The pianist brings her own personal blend of Europe and America to the jazz piano trio

Sylvie Courvoisier (photo: Mimi Chakarova)
Sylvie Courvoisier (photo: Mimi Chakarova)

At 8:01 p.m. sharp on September 30 at Brooklyn’s Roulette Intermedia, Sylvie Courvoisier launched her first COVID-era public concert for six masked, socially distanced witnesses in the balcony and a global livestream audience of thousands. Over the next 80 minutes, pianist Courvoisier, bassist Drew Gress, and drummer Kenny Wollesen—operating with minimal rehearsal—performed one Courvoisier piece from the trio’s 2018 CD D’Agala, then nine from the 2020 followup Free Hoops (Intakt), moving seamlessly in and out of written and improvised moments with breathe-as-one cohesion, impeccable execution, and creative mojo that belied their long separation.

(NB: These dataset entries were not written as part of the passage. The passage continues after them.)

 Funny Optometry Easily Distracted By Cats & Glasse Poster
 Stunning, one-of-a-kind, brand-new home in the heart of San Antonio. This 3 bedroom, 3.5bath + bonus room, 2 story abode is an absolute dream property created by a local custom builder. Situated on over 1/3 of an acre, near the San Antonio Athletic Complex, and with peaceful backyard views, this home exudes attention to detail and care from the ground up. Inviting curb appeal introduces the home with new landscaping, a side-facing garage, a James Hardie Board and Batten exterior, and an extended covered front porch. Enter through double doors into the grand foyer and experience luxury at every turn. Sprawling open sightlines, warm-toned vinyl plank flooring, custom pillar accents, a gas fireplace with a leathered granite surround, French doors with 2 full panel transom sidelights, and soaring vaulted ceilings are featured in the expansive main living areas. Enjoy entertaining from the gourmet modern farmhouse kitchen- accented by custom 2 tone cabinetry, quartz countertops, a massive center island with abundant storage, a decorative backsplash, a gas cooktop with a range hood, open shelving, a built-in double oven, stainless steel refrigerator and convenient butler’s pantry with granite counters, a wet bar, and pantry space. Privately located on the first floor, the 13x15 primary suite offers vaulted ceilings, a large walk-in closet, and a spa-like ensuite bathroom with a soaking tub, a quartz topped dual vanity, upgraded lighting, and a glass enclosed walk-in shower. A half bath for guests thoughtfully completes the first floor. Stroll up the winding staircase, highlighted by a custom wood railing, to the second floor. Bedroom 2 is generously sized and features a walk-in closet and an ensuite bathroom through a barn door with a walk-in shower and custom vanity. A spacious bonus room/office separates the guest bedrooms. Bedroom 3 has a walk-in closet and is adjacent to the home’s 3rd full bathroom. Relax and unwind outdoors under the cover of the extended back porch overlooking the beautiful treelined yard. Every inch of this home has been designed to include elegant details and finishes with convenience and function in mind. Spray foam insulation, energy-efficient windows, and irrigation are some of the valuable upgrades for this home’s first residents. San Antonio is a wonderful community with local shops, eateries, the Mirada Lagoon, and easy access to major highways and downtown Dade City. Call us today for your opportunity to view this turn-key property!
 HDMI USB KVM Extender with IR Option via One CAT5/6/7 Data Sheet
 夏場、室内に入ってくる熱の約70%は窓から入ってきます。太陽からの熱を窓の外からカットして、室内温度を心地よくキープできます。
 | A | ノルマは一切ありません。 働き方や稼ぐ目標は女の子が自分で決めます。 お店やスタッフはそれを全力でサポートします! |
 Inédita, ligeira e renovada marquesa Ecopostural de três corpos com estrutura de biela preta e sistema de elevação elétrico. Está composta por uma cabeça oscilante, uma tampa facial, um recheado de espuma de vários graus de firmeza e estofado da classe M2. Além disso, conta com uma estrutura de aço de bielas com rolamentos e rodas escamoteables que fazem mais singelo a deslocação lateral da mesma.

Absent a world-upending pandemic, the trio soon thereafter would have flown to Europe for an October tour. But that trip was long since erased from Courvoisier’s calendar, following 17 canceled European trio concerts in mid-March and early April, summer engagements performing John Zorn’s Bagatelles, and five performances in May and June with the transformative flamenco dancer Israel Galván of a program titled La Consagración de la Primavera, for which Courvoisier and Cory Smythe play two-piano arrangements of Stravinsky’s Rite of Spring, her own Spectro, and the co-composed Conspiracion. But Courvoisier is nothing if not resilient after three decades in the trenches. On October 2 she intended to fly to Switzerland, her homeland, where (after quarantine) she’d booked a series of last-minute gigs with primarily Swiss musicians, including a four-day trio residency in Vevey with drummer Julian Sartorius.

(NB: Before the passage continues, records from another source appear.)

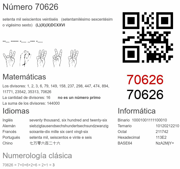 El número 70626 en Informática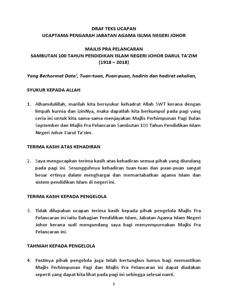 Download as DOCX PDF TXT or read online from Scribd. Ucapan pihak majlis mengucapkan ribuan terima kasih kepada yang berusaha pn hjh jamilah bt hj abdullah atas ucapan itu tadi. Jutaan tahniah dan syabas kepada kepada semua tenaga penggerak yang komited menjayakan majlis ini.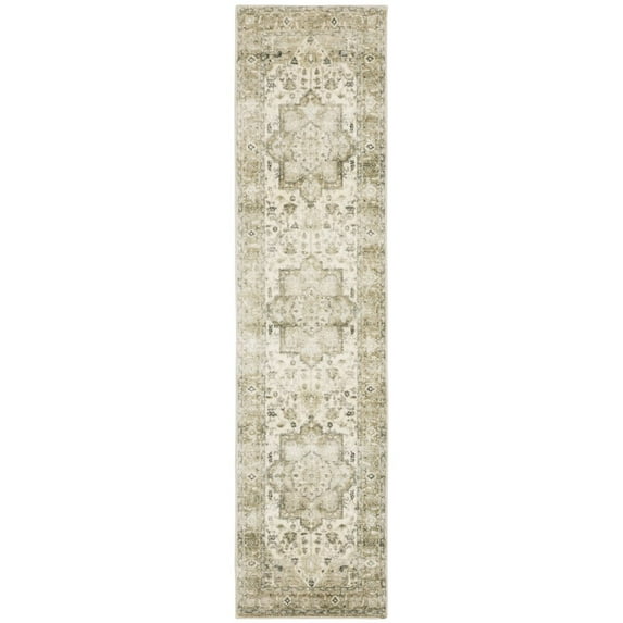 This 2' x 8' tan ivory grey and beige oriental power loom stain resistant runner rug, is a great way to add warmth to a room. This runner shaped rug features a oriental design in tan ivory grey and beige to give it visual interest. A classic shape marries with good looking design for your space Ideal for spaces with kids and pets, this rug is stain resistant to help repel stains and spilled liquids. Place this area rug against a hardwood or tile floor and it will enliven your living space with style and sophistication. 0.39" H x 24.02" W x 95.67" D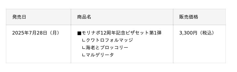 石川県金沢市にて冷凍ピザの製造・販売を行う株式会社森山ナポリは、2025年8月28日(木)に12周年を迎えます。お客様へ日頃のご愛顧に感謝をし、2025年7月28日(月)~8月8日(金)までの期間、人気商品を集めた「モリナポ12周年記念ピザセット第1弾」を特別価格にてご提供いたします。また、12周年を機に、ブランド名を「森山ナポリ」から「モリナポ」へと変更いたします。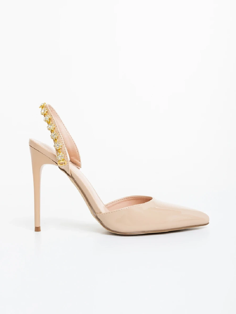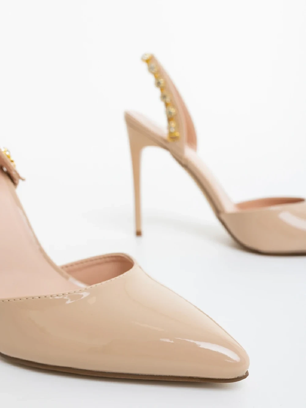 Дамски обувки с ток бежови от екологична лачена кожа Maromi

A few weeks before Roulette, Courvoisier recalled a March 10 program with Galván and Smythe in France, where COVID cases were spiking. “It was a big theater, packed, more than a thousand people, a lot of them coughing,” she said. Courvoisier and Smythe flew to Zurich, where the Taktlos Festival, which she was curating, began on March 12. She’d invited such New York friends and collaborators as Uri Caine; guitarist Mary Halvorson, her partner on the well-wrought 2017 duo CD Crop Circles (Relative Pitch); and saxophonist Ingrid Laubrock and drummer Tom Rainey, who’d joined Courvoisier and violinist Mark Feldman on the collectively improvised 2019 release TISM (RogueArt).

Logistical chaos then ensued, as Courvoisier recounted: “Cory played solo. Mary flew back to New York from Geneva with the sextet, because Trump said he was closing the border. Uri canceled that same day. My trio was supposed to play on the last night. Drew was there, but Kenny called on the travel day to say he wasn’t coming—Tom subbed for him. We did all the gigs through March 14, with half the audience, with separation, and a lot of hand sanitizer. Then we all went home.”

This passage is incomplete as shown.